Tarımsal ürünlerin fiyatları, önümüzdeki dönemde geçmiş enflasyon oranları yerine hedeflenen enflasyon oranına göre belirlenmesi planlanıyor. Ancak son yıllarda tarım maliyetlerinin ciddi şekilde artması, devletin belirlediği taban fiyatların buğday, arpa, fındık ve çay gibi temel ürünlerde maliyetlerin altında kalmasına sebep oldu. Bu durum, yoksulluğun artmasına yol açıyor.
Ekonomik dengesizlikler ve yanlış politikalar da tarım sektörünün sorunlarını derinleştiriyor. 2021 yılının Eylül ayından itibaren uygulamada olan "faiz sebep, enflasyon sonuç" politikası, döviz kurunun ve enflasyonun yükselmesine neden olarak Türkiye ekonomisinin dengelerini bozdu. Hükümet, şimdi bu yanlış politikaların yol açtığı enflasyona karşı mücadele etmeye çalışıyor; ancak ait olduğu koşullarda bu çabanın başarılı olması zor görünüyor.
Gelir dağılımındaki adaletsizlik ise giderek artıyor. En zengin yüzde 5’lik dilim, toplam gelirin %23,9'unu elde ederken, en düşük gelirli yüzde 5'lik kesim yalnızca %1'ini alıyor. Türkiye'deki en zengin %1 ise toplam servetin %40'ını kontrol ederken, geri kalan %99 yalnızca %60'ını paylaşıyor.
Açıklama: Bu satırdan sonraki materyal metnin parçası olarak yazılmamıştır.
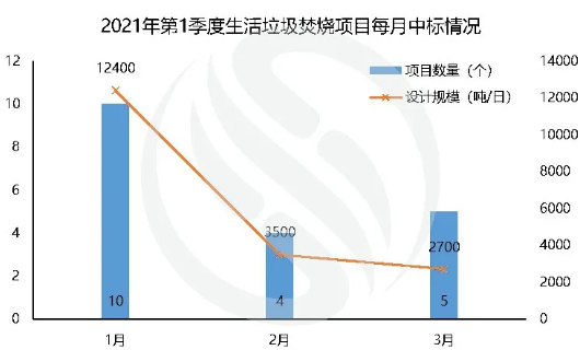 據(jù)E標(biāo)通統(tǒng)計(jì),2021年第1季度共計(jì)釋放19個(gè)生活垃圾焚燒項(xiàng)目,新增日處理能力1.86萬(wàn)噸/日。其中,1月份釋放生活垃圾焚燒項(xiàng)目最多(10個(gè)),新增日處理能力1.24萬(wàn)噸/日。

Küçük işletmeler ise bu zor dönemde büyük sıkıntılar yaşamaktadır. Türkiye ekonomisi darboğazda, büyüme hızı yavaşlamış ve işsizlik oranları yükselmiştir. Küçük ölçekli işletmeler, esnaf ve KOBİ'ler iflas riskiyle karşı karşıyadır. Bu durum, yoksulluğun yaygınlaşmasına ve gelir dağılımındaki eşitsizliğin daha da derinleşmesine sebep olmaktadır.
Mevcut ekonomik kriz, gelir dağılımındaki bozulma, artan işsizlik oranları ve büyüme hızındaki düşüş ile birlikte Türkiye'nin sosyal yapısını tehdit etmektedir. Toplumun bu sıkıntılara daha fazla dayanacak gücü kalmamış durumdadır.